Work item - Write out exactly the lines below starting at the one containing "Wind数据显示,先锋基金在" and ending at the one containing "Podbradník Nattou vyrobený". Omit every picture.

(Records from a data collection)
● ● ● ●
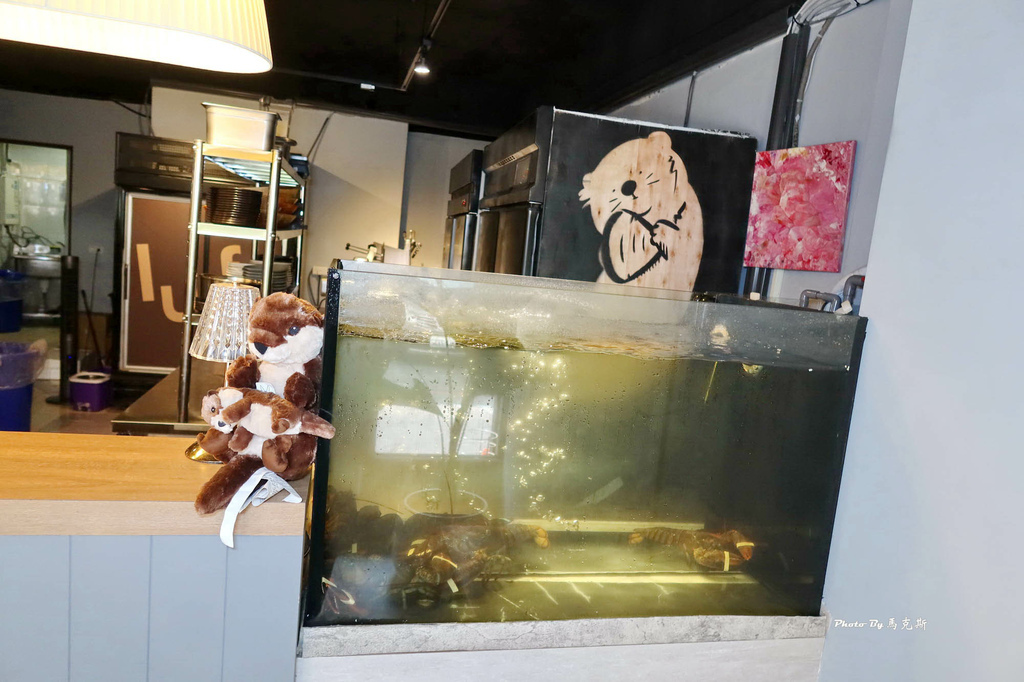 進來後有座位等候區,櫃台旁的水族箱內是活體波士頓龍蝦。
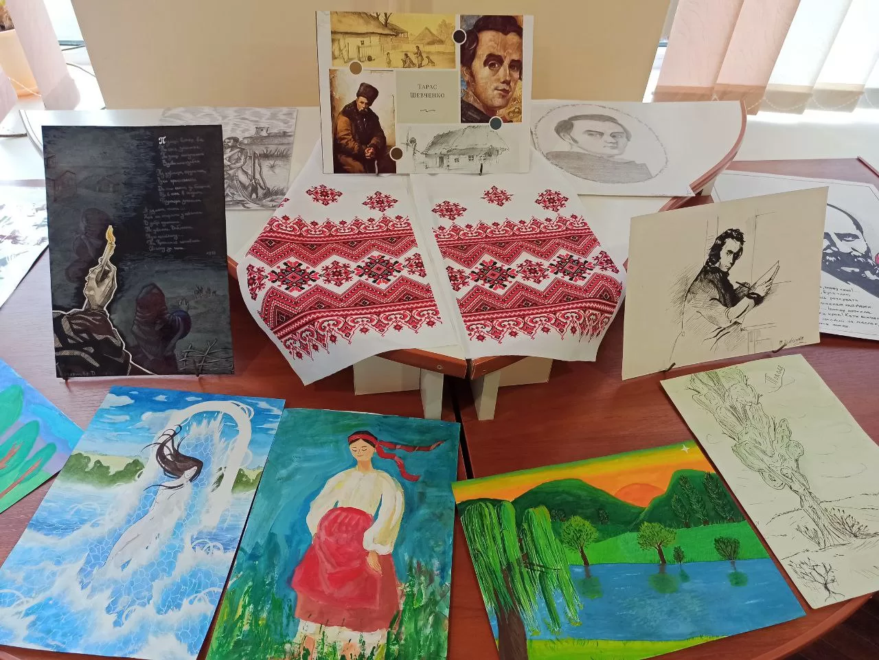 Організовано виставку учнівських картин та ілюстрацій до творів Шевченка…
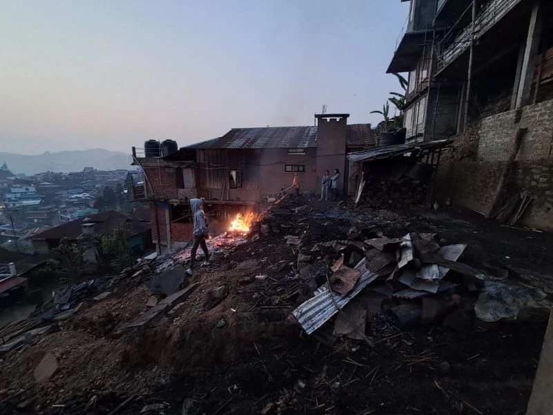 A fire broke out at Aonglenden, Ungma village, at around 9 am today, completely destroying one house and causing partial damage to two nearby structures. No casualties have been reported.
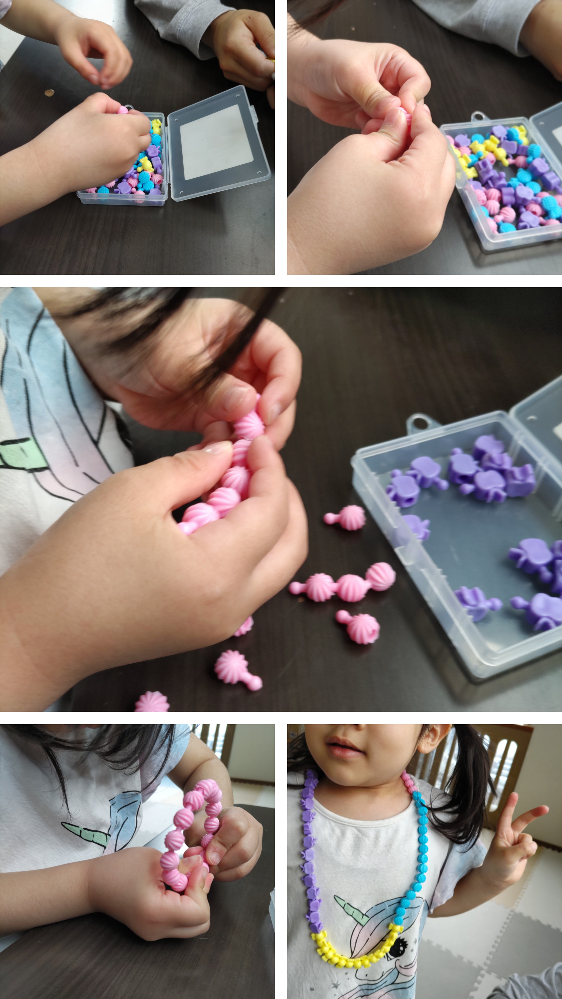 指先の力を育むプチプチビーズ繋ぎ。
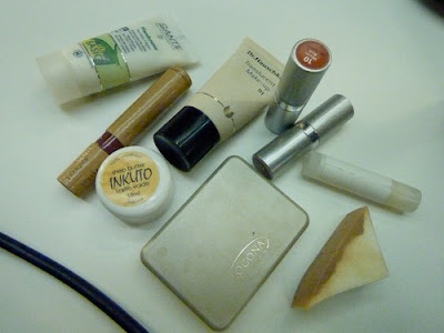 Meikatessani itseäni NYTin kuvaukseen oli pakko räpsäistä kuva meikkipussin sisällöstä, koska se alkaa jo aika vakuuttavasti koostua ihmis- ja ympäristöystävällisestä kosmetiikasta (pahoittelen ankean väristä kuvaa).
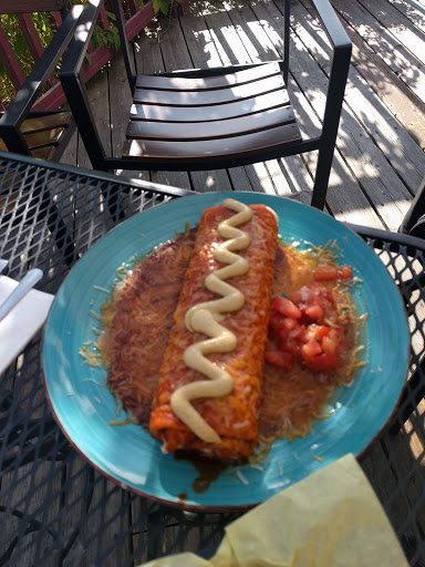 Eating a smothered burrito on the deck makes for a pleasant lunch.
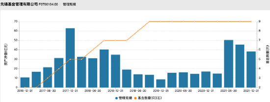 Wind数据显示,先锋基金在成立之初资产规模增速明显,一年的时间从10.71亿元扩张到2017年底的63.02亿元。但后来公司规模大幅下跌,到2019年年末一度管理规模仅剩8.74亿元。截至2021年四季度末,先锋基金的管理规模为38.18亿元。
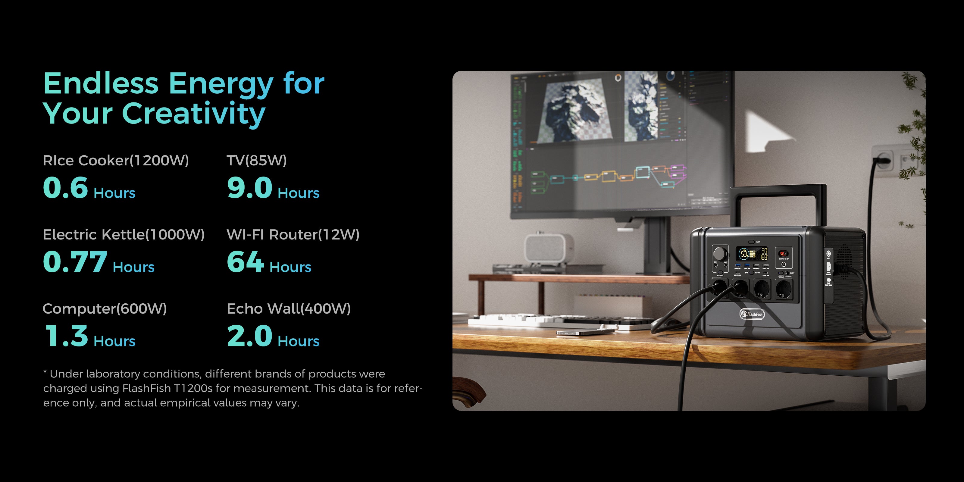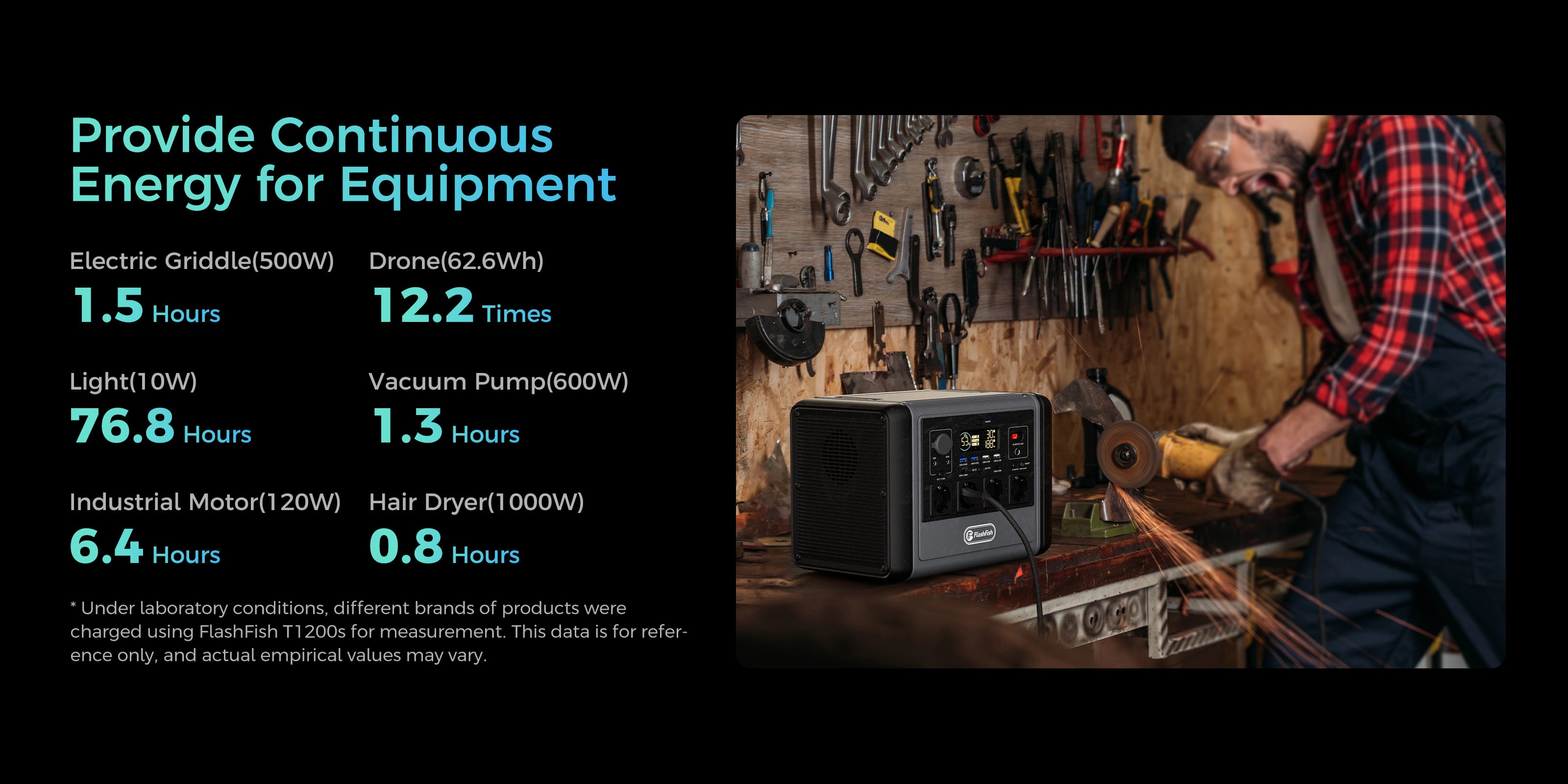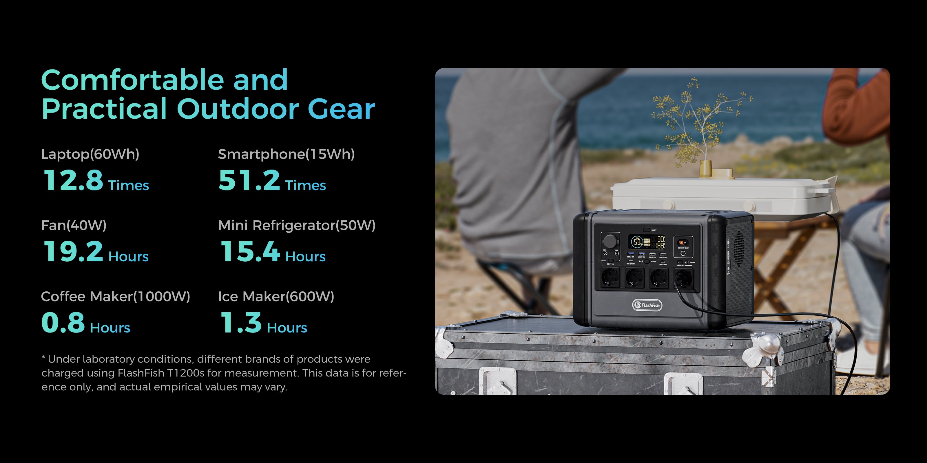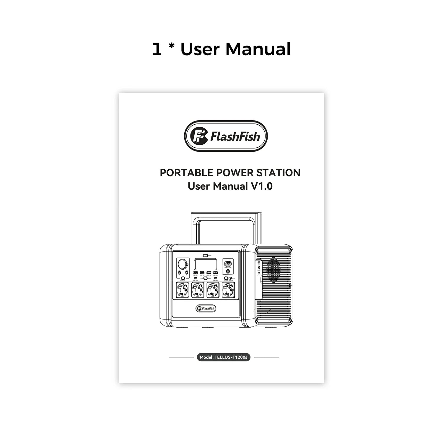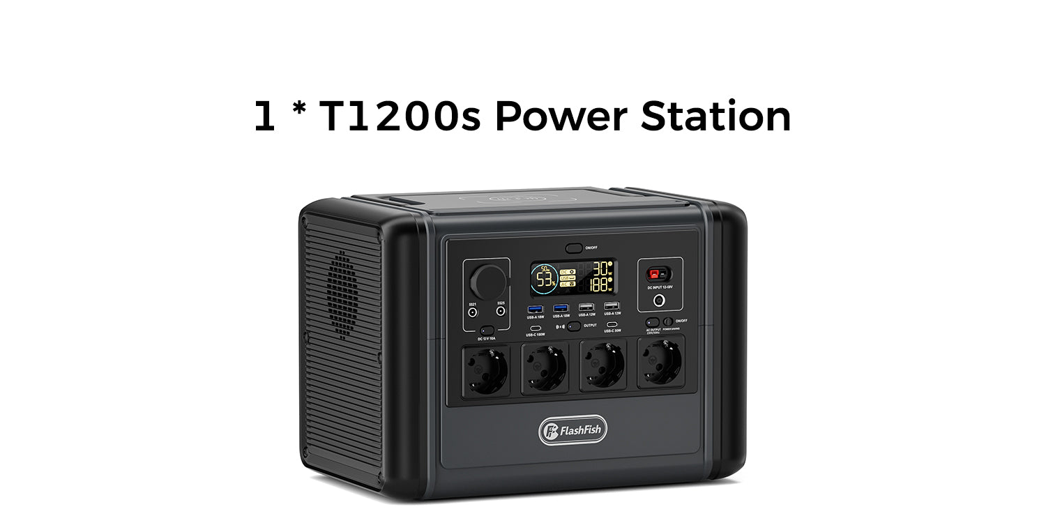 The FlashFish T1200S 1200W Portable Power Station is a high-performance unit featuring a Lithium Iron Phosphate (LiFePO4) battery. Engineered for extended, continuous power delivery, it is capable of simultaneously meeting the energy demands of a wide range of common electronic devices and high-wattage appliances.
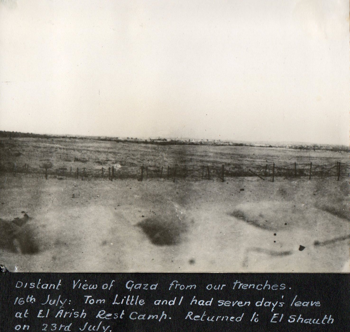went forward of the desert and reported: One day's outing was very exciting as we had our first peek of the promised land. Rafa is the old frontier between Palestine and Egypt the Turks fixed this because there is
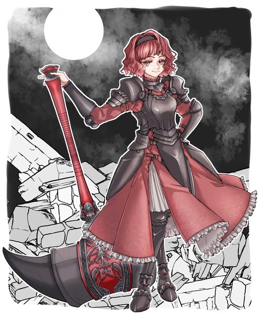 戰斧,以及指揮官的金屬胸甲,薇爾娜擺出這些裝備,繪聲繪影地述說它們曾屬於過去保
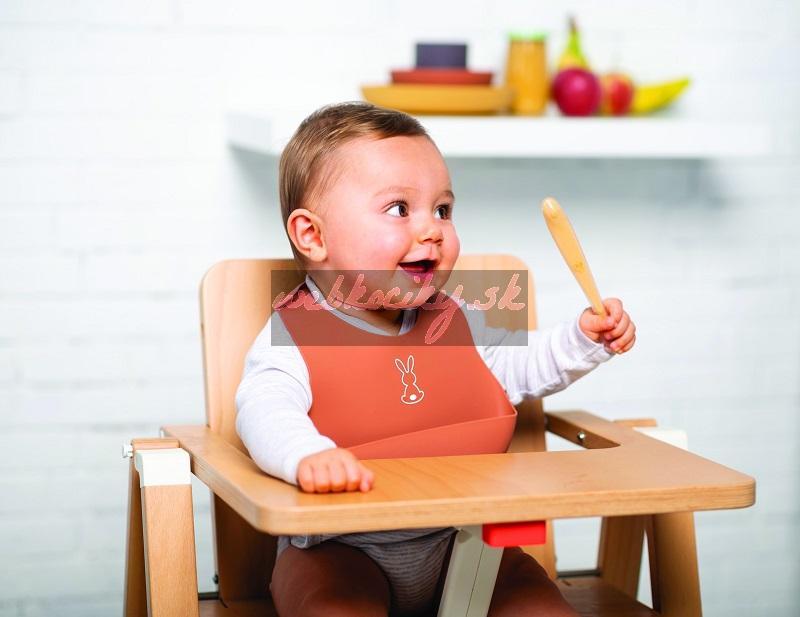 Podbradník Nattou vyrobený z pružného silikónu s motívom roztomilých králikov a praktickou zbernou časťou zabezpečí kŕmenie a jedenie vášho dieťatka bez zbytočného stresu z neporiadku .
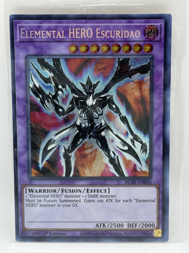 This is an amazing card for Yu-Gi-Oh! fans who love collecting rare and valuable items. The Elemental HERO Escuridao BLAR-EN056 1st Edition Secret Rare card is a must-have for any serious collector. With its Japanese card size and English language, this card is perfect for adding to your collection or for use in gameplay. The card features the iconic Konami manufacturer logo and is from the Yu-Gi-Oh! TCG franchise. It is suitable for ages 8 and up and is in near-mint condition. Whether you're a seasoned collector or just starting out, this card is an excellent addition to any collection.
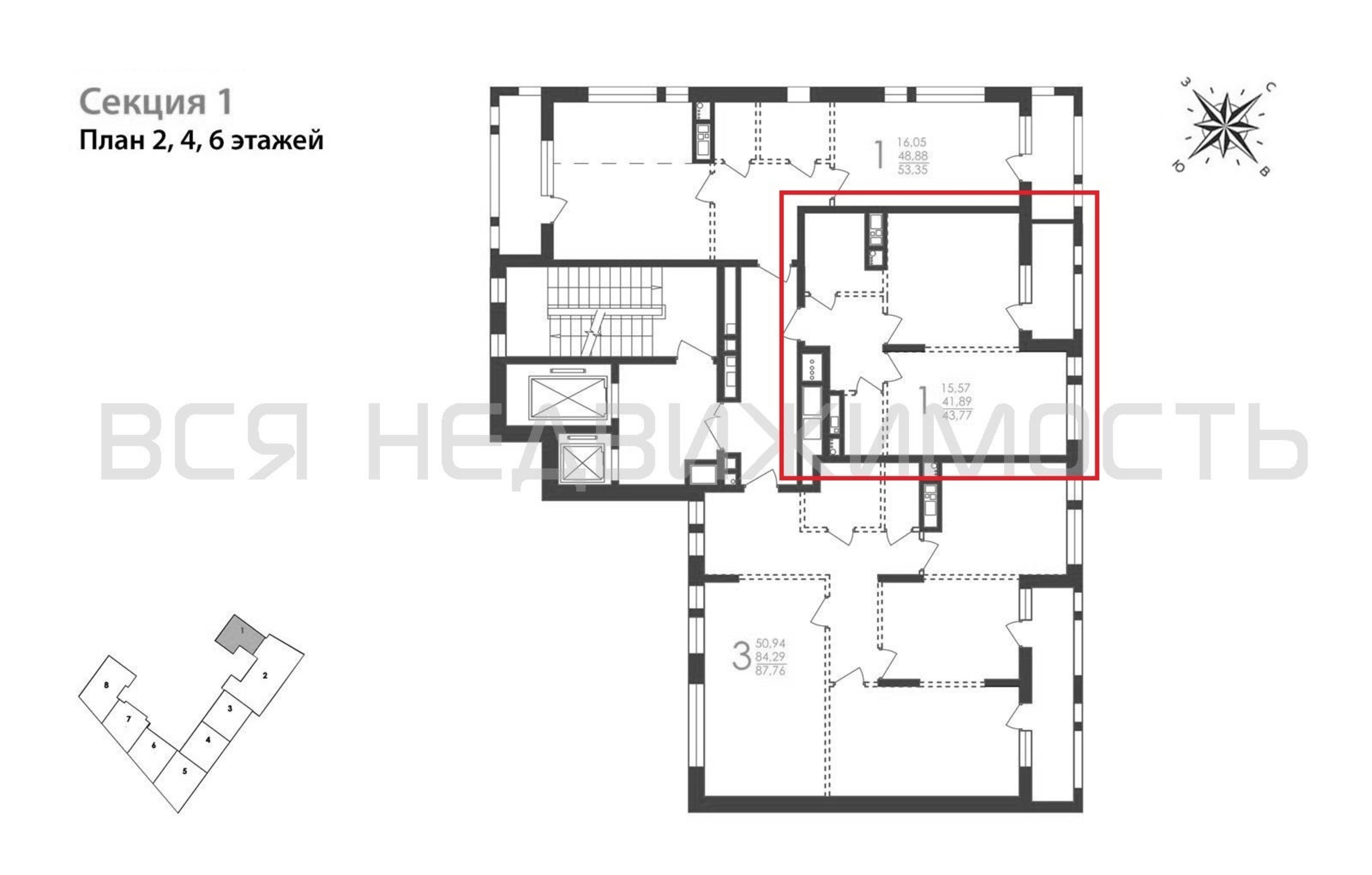 1-комнатная квартира, 43.77 м² 4/12 этаж ID объекта 100102252
● ● ● ●
Solved problem -
 Wind数据显示,先锋基金在成立之初资产规模增速明显,一年的时间从10.71亿元扩张到2017年底的63.02亿元。但后来公司规模大幅下跌,到2019年年末一度管理规模仅剩8.74亿元。截至2021年四季度末,先锋基金的管理规模为38.18亿元。
 The FlashFish T1200S 1200W Portable Power Station is a high-performance unit featuring a Lithium Iron Phosphate (LiFePO4) battery. Engineered for extended, continuous power delivery, it is capable of simultaneously meeting the energy demands of a wide range of common electronic devices and high-wattage appliances.
went forward of the desert and reported: One day's outing was very exciting as we had our first peek of the promised land. Rafa is the old frontier between Palestine and Egypt the Turks fixed this because there is
 戰斧,以及指揮官的金屬胸甲,薇爾娜擺出這些裝備,繪聲繪影地述說它們曾屬於過去保
 Podbradník Nattou vyrobený z pružného silikónu s motívom roztomilých králikov a praktickou zbernou časťou zabezpečí kŕmenie a jedenie vášho dieťatka bez zbytočného stresu z neporiadku .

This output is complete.